● Required action
Taking the data below, please print only the lines from the line holding "年号ひとつでも、オシャレなデ" to the line holding "times a week. |", inclusive, with pictures omitted.

● Collected data
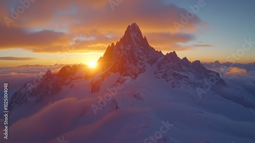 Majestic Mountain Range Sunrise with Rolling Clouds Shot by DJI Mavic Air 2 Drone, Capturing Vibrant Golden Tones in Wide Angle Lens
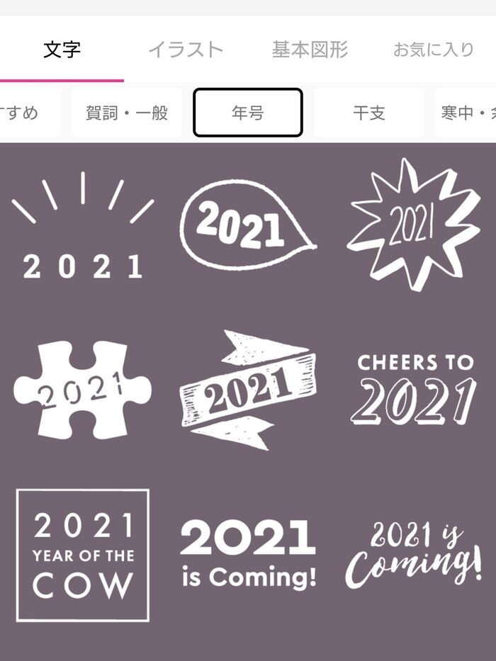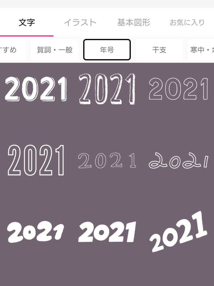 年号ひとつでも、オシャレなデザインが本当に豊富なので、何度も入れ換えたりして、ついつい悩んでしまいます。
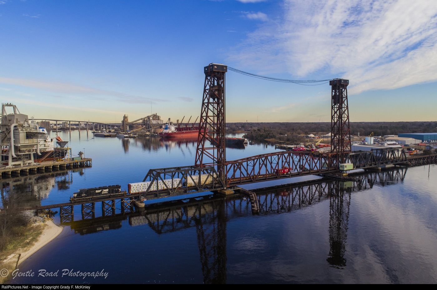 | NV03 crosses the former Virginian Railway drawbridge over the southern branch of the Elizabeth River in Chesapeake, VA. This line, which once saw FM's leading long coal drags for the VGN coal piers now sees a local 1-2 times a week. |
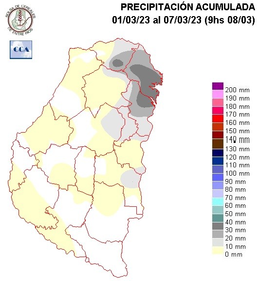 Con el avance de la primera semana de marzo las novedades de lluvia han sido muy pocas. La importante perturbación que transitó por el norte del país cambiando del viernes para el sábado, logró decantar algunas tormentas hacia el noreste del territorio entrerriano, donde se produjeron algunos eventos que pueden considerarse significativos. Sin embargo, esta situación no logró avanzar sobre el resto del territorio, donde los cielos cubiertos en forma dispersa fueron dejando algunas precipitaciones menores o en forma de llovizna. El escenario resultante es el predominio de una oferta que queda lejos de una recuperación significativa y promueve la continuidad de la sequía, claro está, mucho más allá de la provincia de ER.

● Written solution
 年号ひとつでも、オシャレなデザインが本当に豊富なので、何度も入れ換えたりして、ついつい悩んでしまいます。
 | NV03 crosses the former Virginian Railway drawbridge over the southern branch of the Elizabeth River in Chesapeake, VA. This line, which once saw FM's leading long coal drags for the VGN coal piers now sees a local 1-2 times a week. |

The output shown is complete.